優しい胸に抱かれて

「辞めるって騒いでた割に、しっかり役目果たしてんじゃねぇか。見捨てようもんなら女とはいえ一発ぐらい殴ってたかもしれねぇけど、試す価値はあったってことだ。お前は忘れてるかもしれねぇけど、俺も一応お前の上司だってこと」

「忘れてはいないです」

 それ以上の言葉が出てこない。


 忘れてはいないが上司らしさは微塵も感じられない。その中で教わったものは数えきれないほどあって、目には映らないようなものばかりだけれど。日下さんに限らず、みんなの強い思いがしっかりと伝わってくる。

 島野さんが急にカラーで悩み出したあれだって、きっと態と。逃げ出そうとして捨て切れないことを見透かされたみたいだ。そう思うのは[なぽり]で部長に諭されたことが影響しているのだろう。

 それでも、依然として逃げ出したい気持ちは変わらない。


 日下さんは徐に、整理されずデスクにあるインテリアデザインのエスキス、やり繰りした工程表。完成した発注書らに一通り目を通し、ガラスプレートからハートを摘み上げ、しげしげと眺めた。

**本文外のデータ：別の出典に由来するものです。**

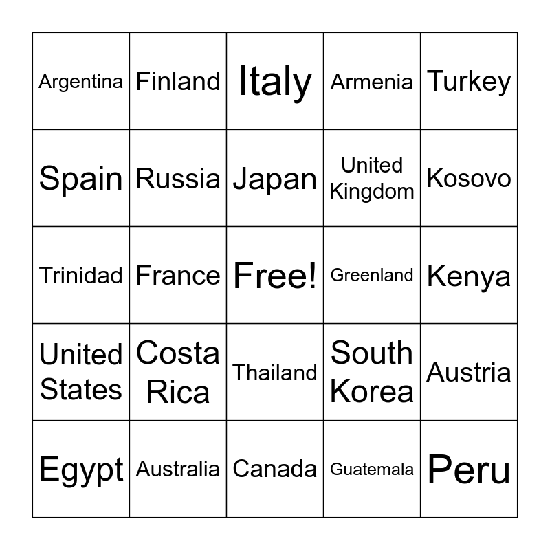 This bingo card has a free space and 29 words: Egypt, Morocco, France, Nigeria, Argentina, Italy, Russia, Costa Rica, Greenland, Australia, Kenya, Peru, Canada, Guatemala, Kosovo, Greece, Thailand, United States, Turkey, Trinidad, South Korea, Bulgaria, United Kingdom, Spain, Armenia, Finland, Austria, Japan and Malaysia.
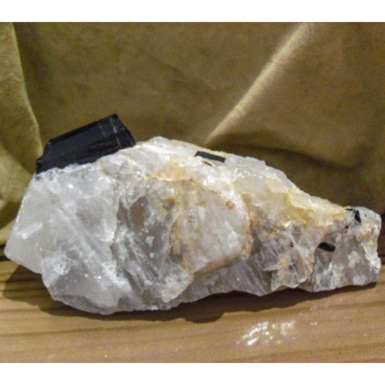 Tormalina su quarzo, è un quarzo di colore bianco trasparente con cristalli di tormalina nera al suo interno e si trova all’interno di rocce plutoniche che sono state riempite dalla deposizione di acque idrotermali ricche di ossido di silicio e altri elementi.
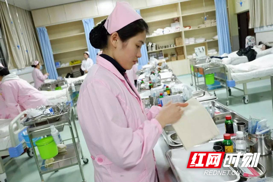 “艺术护理班”,是该校医学院与文法学院实行的大跨度的学科对接和专业融合的结晶,为全国首创,可以说,“惊艳”了业界,引发了关注,获得了赞誉。除了芭蕾形体课,学院还为“艺术护理班”的学生们开设了民族民间舞、文学经典赏析和艺术综合等主干课程,其目的就是“外炼优雅气质,内增人文素养”,从而培养岀气质优雅,亮丽清新、富有人文素养和艺术灵性的新一代护士。更重要的是,自2016级始,艺术护理班的教改成果,已经全面“回馈”到常规教学班,也就是说,张家界学院医学院所有护理专业的学生,除了严格的专业理论和技能的学习以外,还必须接受优化形象气质的芭蕾形体课程和提升人文素养的文学艺术课群,这就是该院所创立的独具一格的“四维度护理人才培养模式”的真正内涵。
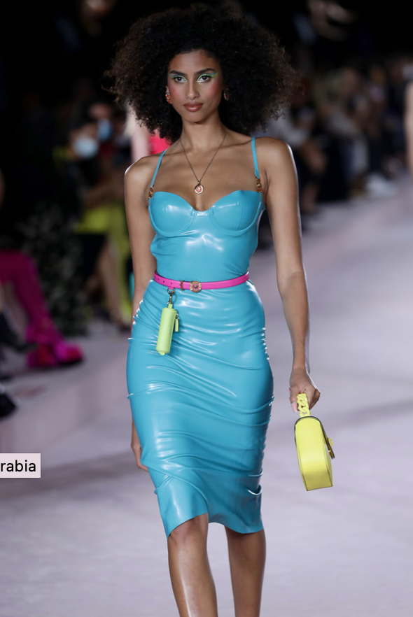 Volgo poi lo sguardo, un po’ attonito, e un po’ goloso, all’iconica sfilata Versace, Primavera-Estate 2022, che sì è svolta il terzo giorno, e mi accorgo che la mia affermazione è pura verità.
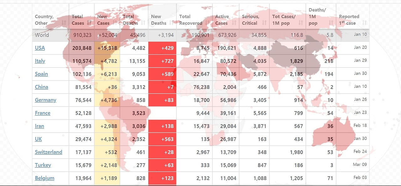 컴 앞에 앉기만 하면 눈에 띄는 게 비루스와의 전쟁 기록이다. 위 도표에서 잘 알 수 있듯이 불과 보름 전만 해도 미국은 물론 스페인과 프랑스 독일 영국 등은 중국과 한국을 미개인 취급하며 우월감에 들떠 있었다. 그런 나라들의 현재 상태는 그야말로 아수라장으로 변했다. 그중에서 미국과 스페인의 약진(?)은 놀랄만하다.
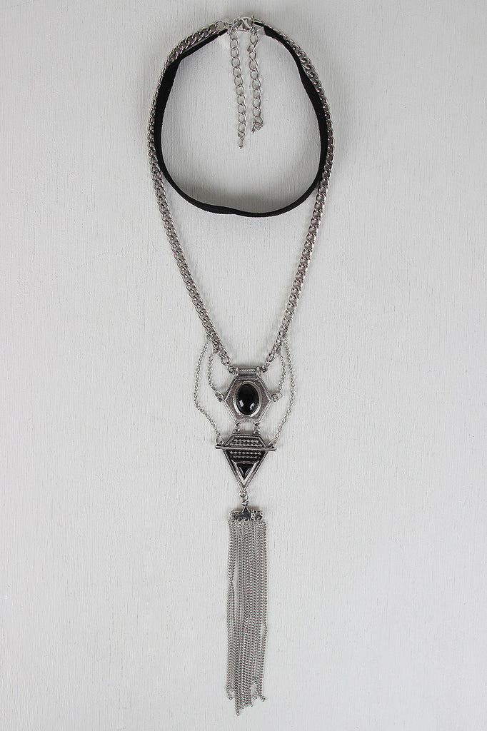 This necklace set features a vegan leather choker, and a tribal inspired chain fringe pendant. both necklaces have adjustable lobster claw closures.
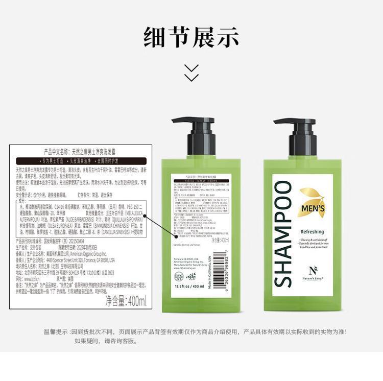 商品属性 [供应商] 深圳齐心集团股份有限公司 [品牌] 天然之扉 [型号] 男士净爽洗发水 [适合头皮] 中性 [保质期] 3年
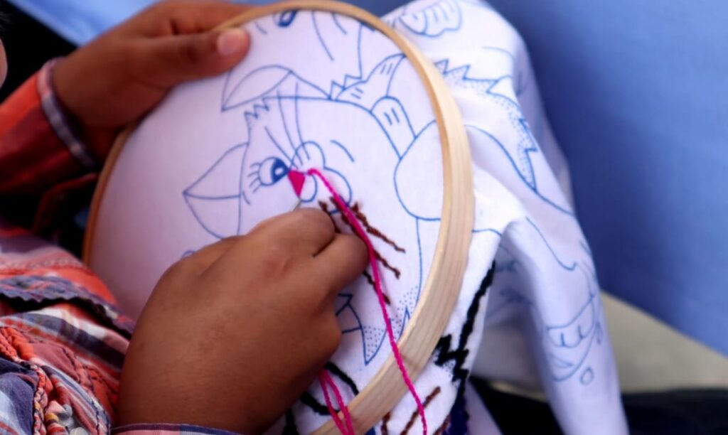 “Es grandioso ver cómo las niñas y niños en cada puntada reflejan el amor que tienen en su inocencia. Para mí, es una satisfacción enseñar lo que sé y enriquecer su amor. Es muy bonito trabajar con ellas y ellos”, comparte emocionada Eugenia Jiménez Madrigal.

 眉根に皺を作り、手に取ったピンク色の物体を戻し、顔を上げる。窓に向けられた視線が何かを見つけたように見開いた。同じ方向へ視線を持っていくも、電気の照明が反射し、糸のような雨が伝う窓には私と日下さんが映っているだけだった。


 首を傾げた私に気づき、すぐに目を細くさせた日下さんはぼそっと呟いた。

「…趣味悪ぃな」

 馬鹿にしたように鼻で笑う。桜色のハートの形をしたタティングレースのことを指しているのだろう。やっぱり頭を傾けた。


 発注書類の塊を取り私に背を向け歩き出す。数歩進むと、急に足を止めた日下さんから、聞きなれない言葉が耳へと抜けた。

「これは俺が部長室に置いてきてやる。それと、柏木。悪かった、ごめん」

「…へ?」

 間抜けな声が馬鹿みたいに出てしまう。突然の謝罪に驚くのは当然だ。それが、ましてやこの日下さんが、謝ったのだから。